Starting a new strategy?
The beginning of a new strategy is critical. A run of losses now can ruin months of careful analysis. Emotion takes over, we no longer “trust” the strategy and it is thrown away.
Avoid a false start with a pre-mortem. Before you have entered a trade, imagine you are six months in the future. The strategy has been a failure. What can you learn? How could you have done things differently? Should you have given up earlier?
This can save you months of agony and thousands of dollars of wasted trades.
4. Market timing
Perfect market timing is the holy grail of trading: Buy low and Sell High.
Unfortunately, this is an illusion. We cannot see the future, we can only trade based on probabilities.
But we can still use market timing to our advantage. Explore the mathematical edges that do exist in the markets. The way to do this is to backtest your trading strategy.
Backtest to improve your market timing
Every trader goes through periods of bad market timing. When every stock you buy seems to fall through the floor.
These periods of bad timing cause psychological setbacks. It becomes harder and harder to take the next trade. Sometimes we give up on trading altogether.
Tradinformed Backtest Models let you test your strategies. You can optimize your strategy, find the best parameters and learn how long a drawdown might last for.

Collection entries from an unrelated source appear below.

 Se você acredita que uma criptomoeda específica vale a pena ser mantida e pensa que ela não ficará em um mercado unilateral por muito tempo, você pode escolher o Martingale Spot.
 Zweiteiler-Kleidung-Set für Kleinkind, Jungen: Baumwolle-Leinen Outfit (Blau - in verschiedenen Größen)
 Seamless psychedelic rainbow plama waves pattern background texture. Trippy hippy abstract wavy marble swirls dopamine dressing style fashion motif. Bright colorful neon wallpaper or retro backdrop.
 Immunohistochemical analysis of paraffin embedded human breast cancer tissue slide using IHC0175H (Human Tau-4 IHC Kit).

In the end, it will help you relax, knowing that your strategy has a positive expectancy.
5. The power of small wins
All traders have drawdowns. These occur naturally as markets go through different cycles. Trader number 1 can ride these out, knowing the will be winning again soon. Trader number 2 gets nervous and starts to doubt himself.

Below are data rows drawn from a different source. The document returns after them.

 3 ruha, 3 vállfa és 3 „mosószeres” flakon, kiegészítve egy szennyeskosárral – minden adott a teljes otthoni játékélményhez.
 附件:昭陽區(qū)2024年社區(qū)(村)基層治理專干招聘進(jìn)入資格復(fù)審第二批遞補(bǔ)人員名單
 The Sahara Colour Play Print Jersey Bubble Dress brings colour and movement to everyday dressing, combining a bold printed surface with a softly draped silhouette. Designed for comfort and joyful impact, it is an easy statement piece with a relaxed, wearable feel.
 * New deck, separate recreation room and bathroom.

Don’t underestimate the power of small wins. Even when you are going through a negative spell. Small wins can make the difference between continuing to trade and giving up.
Configure your trading strategy to take a little bit of profit. Even if mathematically it may not be optimal. Because we are human, the psychological impact of repeated losses is hard to deal with.
Take the small wins. Bank them, see them as a positive sign. They are the stepping-stones to the next big profitable trade.
Don’t fall into the trap of always taking small profits. Your small wins must still be part of a trading strategy with a positive expectancy.